Action item: Using the material below, print the line that contains "Adrianna Papell Womens", the line that contains "Игрок выполняет роль", and every line in between, exactly and nothing else.

Supplied data:

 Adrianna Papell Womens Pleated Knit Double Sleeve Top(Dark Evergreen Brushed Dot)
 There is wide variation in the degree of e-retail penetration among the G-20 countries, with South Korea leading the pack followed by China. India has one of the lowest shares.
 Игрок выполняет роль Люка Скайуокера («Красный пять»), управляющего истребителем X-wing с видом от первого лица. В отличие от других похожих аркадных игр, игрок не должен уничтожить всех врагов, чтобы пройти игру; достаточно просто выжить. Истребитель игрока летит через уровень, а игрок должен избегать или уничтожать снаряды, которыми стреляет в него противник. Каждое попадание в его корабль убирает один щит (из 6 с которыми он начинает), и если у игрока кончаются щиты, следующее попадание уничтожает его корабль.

--

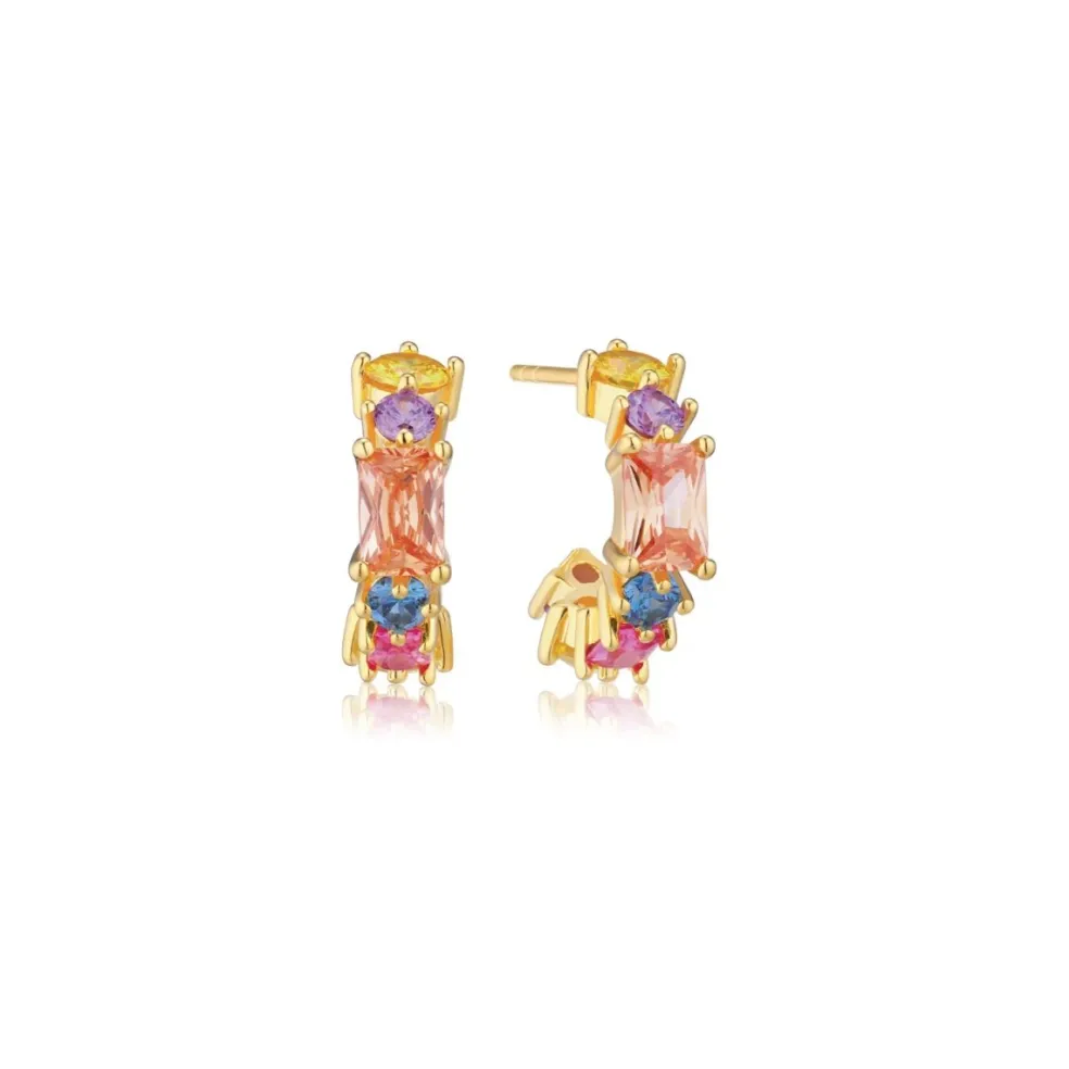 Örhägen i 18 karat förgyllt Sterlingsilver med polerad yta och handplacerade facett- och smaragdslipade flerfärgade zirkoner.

Problem solution:
 Adrianna Papell Womens Pleated Knit Double Sleeve Top(Dark Evergreen Brushed Dot)
 There is wide variation in the degree of e-retail penetration among the G-20 countries, with South Korea leading the pack followed by China. India has one of the lowest shares.
 Игрок выполняет роль Люка Скайуокера («Красный пять»), управляющего истребителем X-wing с видом от первого лица. В отличие от других похожих аркадных игр, игрок не должен уничтожить всех врагов, чтобы пройти игру; достаточно просто выжить. Истребитель игрока летит через уровень, а игрок должен избегать или уничтожать снаряды, которыми стреляет в него противник. Каждое попадание в его корабль убирает один щит (из 6 с которыми он начинает), и если у игрока кончаются щиты, следующее попадание уничтожает его корабль.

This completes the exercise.